My first job was working for the floral school I attended, but I'd been the sarcastic jokey student, and had been pigeon-holed as that character as a worker. I also had a chip on my shoulder as a young person feeling that kind of position was beneath me, shame on that. But I moved on to work in a grocery store in my hometown, running into former highschool classmates who were now investment bankers while I was wrapping their roses in tissue wearing an apron.
I had also started a clothing line at the time, that was just starting to help me get off my feet. I decided to go back to school again, this time to get some business knowledge. I was able to transfer credit to the community college and get an associate degree in marketing, which I rarely use because I absolutely hate self-promotion (not a good character trait for an entrepreneur).
As I collected materials for my recycled clothing line, I realized was also finding myriad random other treasure that was simultaneously useful and worth something, so I dipped my toe into the antique dealer business. I was a rarity at the time being in my 20's trying this out, when most of the other dealers at the time were of retirement age. But I freaked out my first time around and put in my notice the very same month I started, feeling sure I could never continue finding the girth of goods I had initially presented in my booth. Luckily, I gave it another go a few months later, and the mall I sold through did not penalize me for my lack of sure-footing.
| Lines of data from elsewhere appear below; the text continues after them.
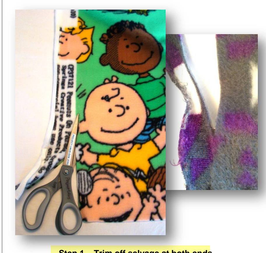
Step 1 – Trim off selvage at both ends. These are the rolled, rough or discolored edges and could be 1/2" – 2"+ wide. Some may even have writing from the fabric maker.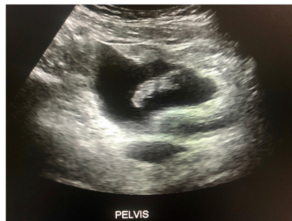
Fig. 3. Pelvic ultrasound.

examination, the patient was in pain, (weight: 48.45 kg, Height: 141 cm and BMI: 25 kg/m 2 ). All his vital signs were stable.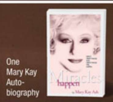
One Mary Kay Auto-biography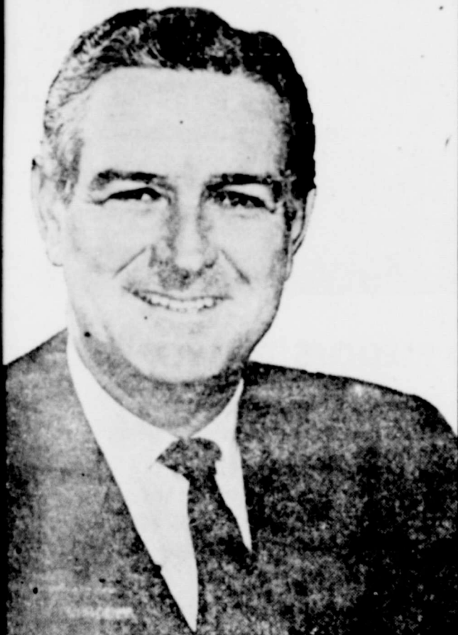
SEE GOVERNOR CONNALLY ON TV THURSDAY NIGHT, MAY 5

I am deeply grateful for your continued confidence. I hope that I may merit your support again on May 7th-- at the polls and at your next convention, to continue important progress we are making together.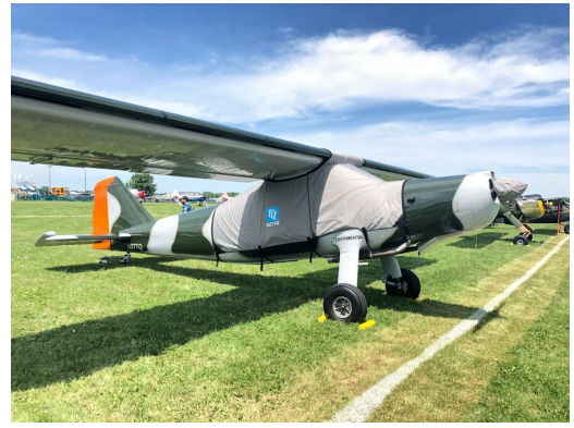
Dornier DO-27 Canopy Cover, Prop Cover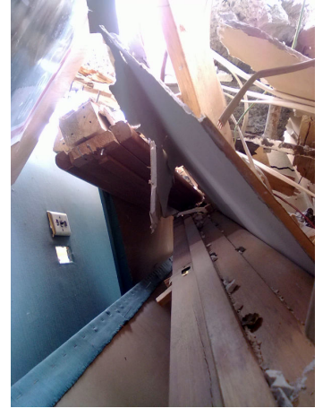
The "A" frame that protected Bruce

I was completely trapped when the roof and debris collapsed on me, and the rest of my body was pinned under the doors, wall, concrete rubble and live wires all exposed, my upper torso had about a one cm to move and my arms had limited movement, but I was able to use my cellphone and call emergency 111 and sent numerous text messages for help to my wife, daughter and son. This was to no avail as the Vodafone network overloaded. In this extremely unusual situation, I had some excruciating pain in my foot – so I applied a tourniquet with my belt below my knee and had very limited mobility. I yelled out "help" continuously and within 10 to 20 minutes George, the building custodian heard me. Later on with the arrival of 2 fire rescuers and several construction men, they pulled me out with their bare hands within an hour.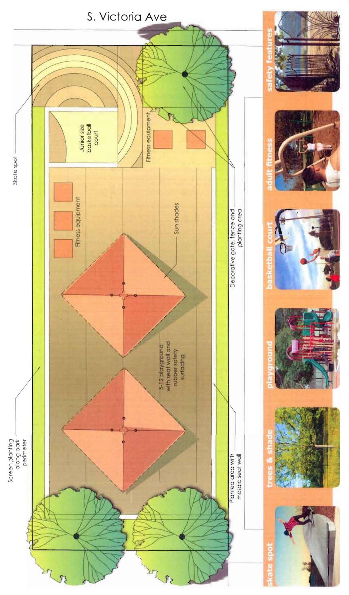
South Victoria Avenue Park Concept Design

The Trust for Public Land ~ City of Los Angeles Recreation and Parks Statewide Park Development and Community Revitalization Program Application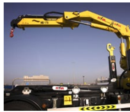
HYVA-TRUCK MOUNTED CRANES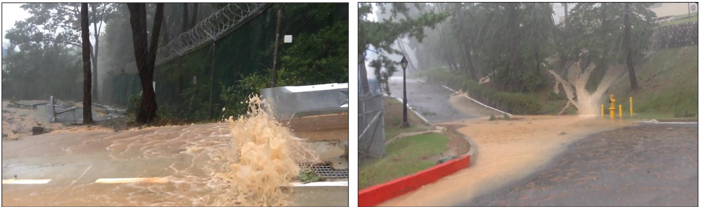
Figure 9: 2010 and 2014 Rainstorms Overwhelmed the Drainage System at a Department of Defense Installation in the Pacific

GAO-18-206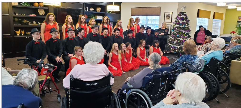
What a great performance!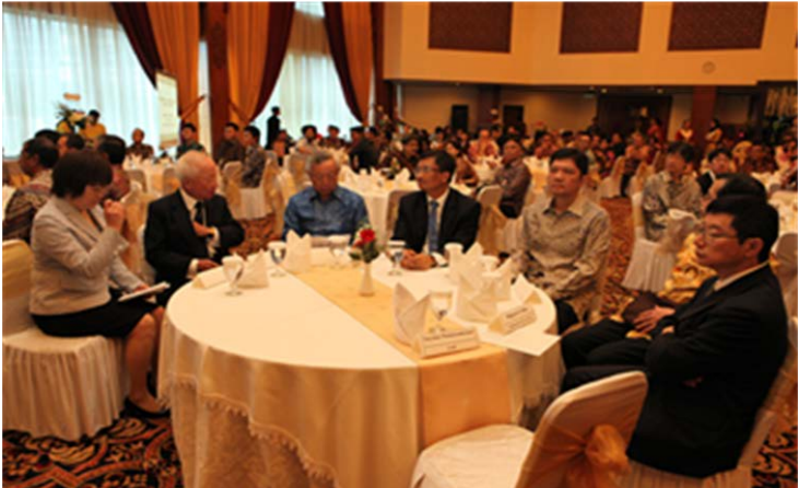
Some 215 VIPs attended the commemoration ceremony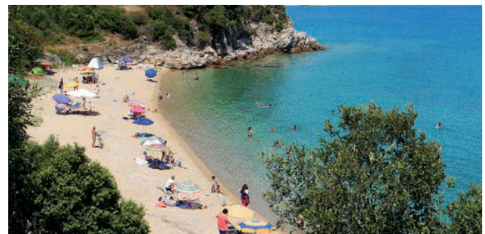
Stagira Beach, Olvmbiada

For further information and an idea of local cost please see our website.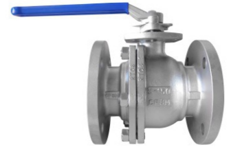
CF8M美标法兰球阀 CF8M API Flanged Ball Valve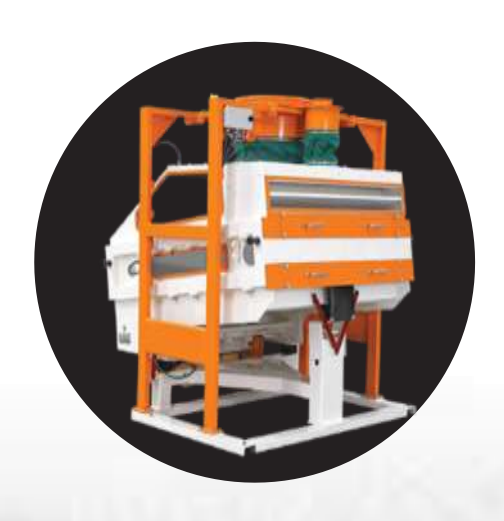
STONE SEPERATOR IMAS

I made a connection through my work at that mall that lead to my residence within another shop--including a public-facing studio for a time--and that was very fruitful season. Following a heartbreak, I abruptly decided to fold that project up, and go back to grad school for fiber art.
My advisor was hoping I would continue in fashion work, I think envisioning a grand fashion show at the end of my time. But I was dissatisfied with the feedback I got while doing all-to-familiar work. I did not want to be working with found material and generating "nostalgia" as a basic critique. And I did not really know what my voice was, what I had to say. I started to generate work from my own experience, mining my heartbreak, my loss, but also my humor and resilience. On a holiday break I happened to smell an amazing perfume ingredient, and in that brief encounter my direction was set. I combined my story with scent, and presented work that was text-based highlighted with fragrance, using found materials but twisting them in new ways, combining them to become more my own.
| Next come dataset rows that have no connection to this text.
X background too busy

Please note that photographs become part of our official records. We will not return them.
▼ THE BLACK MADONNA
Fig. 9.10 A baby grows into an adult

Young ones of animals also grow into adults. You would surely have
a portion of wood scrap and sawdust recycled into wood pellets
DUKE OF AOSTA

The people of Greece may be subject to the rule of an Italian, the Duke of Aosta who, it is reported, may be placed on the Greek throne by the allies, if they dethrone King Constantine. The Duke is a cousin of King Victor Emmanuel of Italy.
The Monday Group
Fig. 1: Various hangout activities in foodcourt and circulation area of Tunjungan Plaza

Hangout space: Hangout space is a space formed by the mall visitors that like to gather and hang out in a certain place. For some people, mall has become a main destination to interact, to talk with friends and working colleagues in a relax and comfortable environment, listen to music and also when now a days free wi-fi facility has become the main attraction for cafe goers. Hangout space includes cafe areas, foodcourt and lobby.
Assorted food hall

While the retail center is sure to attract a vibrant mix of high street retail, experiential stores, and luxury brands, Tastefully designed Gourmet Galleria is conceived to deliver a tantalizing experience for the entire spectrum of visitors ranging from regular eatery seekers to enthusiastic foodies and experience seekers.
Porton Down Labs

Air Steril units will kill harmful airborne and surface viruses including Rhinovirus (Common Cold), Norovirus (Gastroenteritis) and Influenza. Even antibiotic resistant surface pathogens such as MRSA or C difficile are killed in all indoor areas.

I came home from grad school, still feeling unskilled, but wanting to continue in my creative pursuits. This I will acknowledge is a position of privilege. I had parents that helped me pay for undergraduate school completely. I also had parents who let me live in their house during my twenties without payment, which allowed me to go to business school, and pay for materials for antique businesses without having to turn a profit. I am still currently paying for grad school, but I was at least wise enough to force myself through the 3-year program in 2 years, and give back some of the loan amount instead of taking it all just because it was available. I now have a husband with a good job who helps pay for living expenses, though as a mother, and childcare provider (and pretty bad housekeeper) I do bring a value that is often not quantified.
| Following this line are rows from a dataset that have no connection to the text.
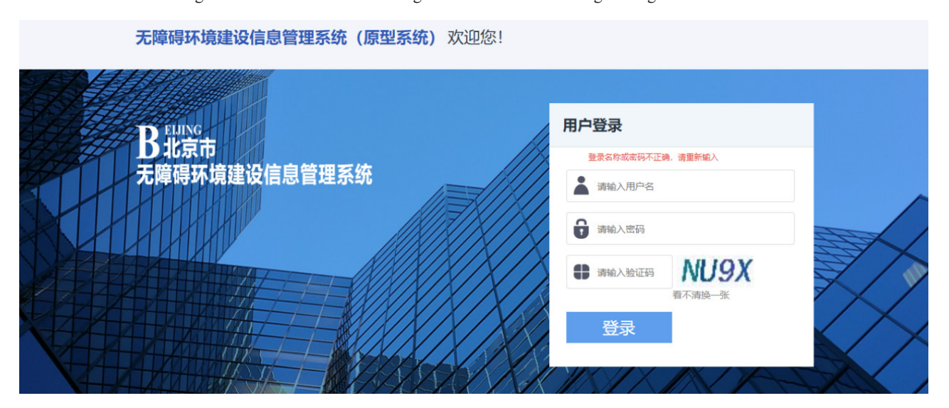
Figure 19: Beijing Barrier-free Built Environment Development Information Management System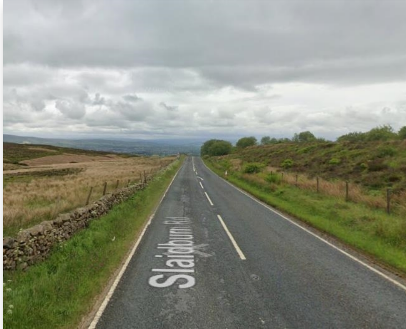
Slaidburn Road heading down to Waddington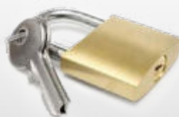
→ 12257 Padlock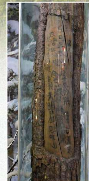
Some of slogans written on the trees by the soldiers of the Korean People's Revolutionary Army to declare the birth of Kim Jong Il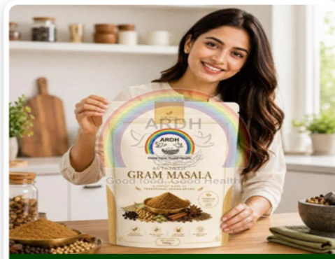
Garam Masala Powder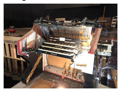
Starting console the removal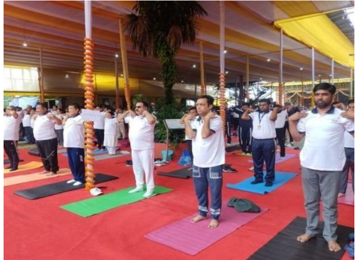
RARI, Gangtok celebrated 8 th IDY at one of the iconic places Enchey Monastery, Gangtok on 21 st June, 2022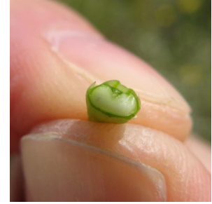
Soft Dough stage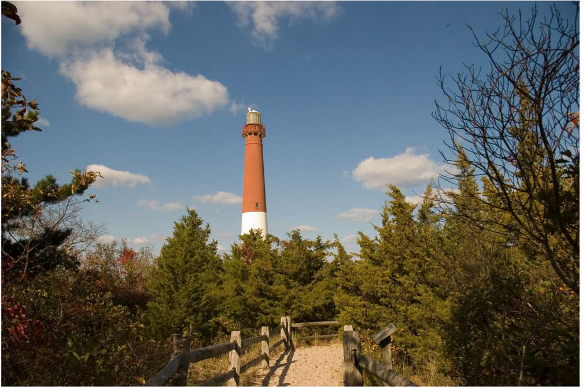
Barnegat Light 10

A friend offered me a space in the back of her shop to open my own, and I transformed it into a studio and storefront. This was a nice piece of what I had had in the residency before graduate school, and what I had in the antique mall spaces, but with a new element I had not yet enjoyed--the freedom to frame my work-- and my vision for STUFF or things I made, or both, within four walls that were relatively unrestricted. I liked being able to "curate" the music, the openings and the food, and the air.
At this point in time, I met my husband, and my work continued to take more biographical directions. I don't know how this became a meandering walk through my creative journey, but here we are. I closed my studio after about a year, and soon thereafter became a wife and mother, which is the timeframe this book comprises. A picture of what I thought about as a baby grew inside me, and how I had to now paint a picture of growing up for one, and now two children, and shape and contour their lives, no pressure.